Supreme Court term starts with Medicaid case
Associated Press
WASHINGTON
The Supreme Court began its new term Monday by weighing who gets to object when a state makes Medicaid cuts — and soon is likely to plunge into a far- bigger health dispute. That’s the challenge to President Barack Obama’s historic health-care overhaul.
For now, patients and providers are squaring off against California and the Obama administration to argue they should have the right to sue in federal court when a state cuts its payment rates in the Medicaid program for poor Americans. The state and federal governments argue the U.S. Health and Human Services Department, not a federal judge, gets to make the call.

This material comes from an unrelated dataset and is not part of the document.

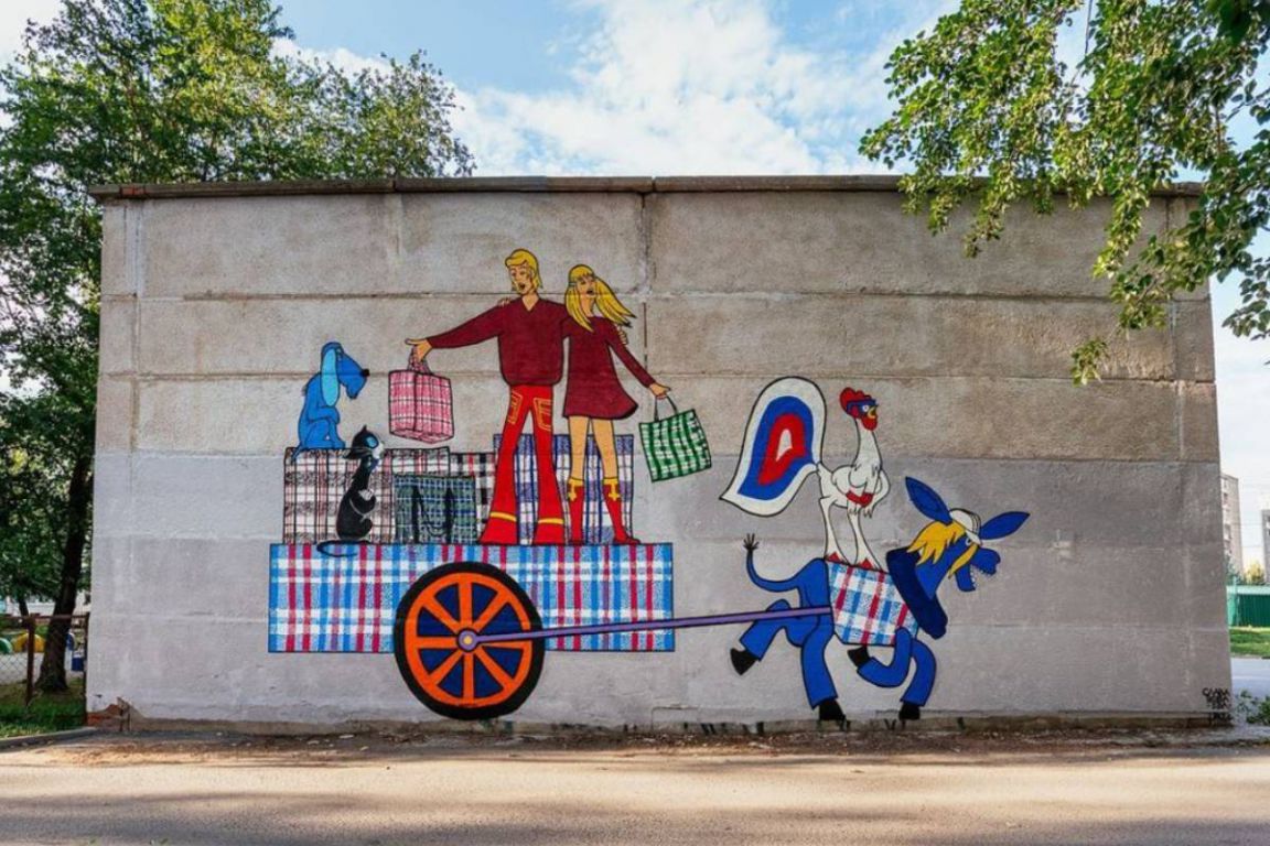 В Екатеринбурге рядом с «Таганским рядом» на улице Пехотинцев 10а художник Слава Птрк изобразил героев мультфильма «Бременские музыканты» с клетчатыми сумками челноков.

There was no consensus apparent among the justices.
Before opening-day arguments began, the court rejected more than 1,800 appeals that had piled up during the justices’ three-month summer break, including one from California jail officials who forced a Muslim woman to remove her head scarf and another from fried-chicken giant KFC Corp. objecting to taxes it has to pay in Iowa.
Chief Justice John Roberts also congratulated Antonin Scalia on 25 years on the court, noting that Scalia listened to his first argument as a justice on the first Monday in October in 1986. “The place has not been the same since,” Justice Roberts said.
The term opened with high anticipation because the justices seem likely to take up the health-care overhaul now that both the administration and opponents of the law have filed Supreme Court appeals. The justices could decide as early as mid-November whether to hear the case, a timetable that probably would mean a high-court hearing in the spring and a decision by late June.
Monday’s case does not directly implicate the overhaul, although the expansion of Medicaid is a key element in the law’s aim of extending coverage to more than 30 million Americans who are without health insurance. Medicaid costs are shared by the federal and state governments.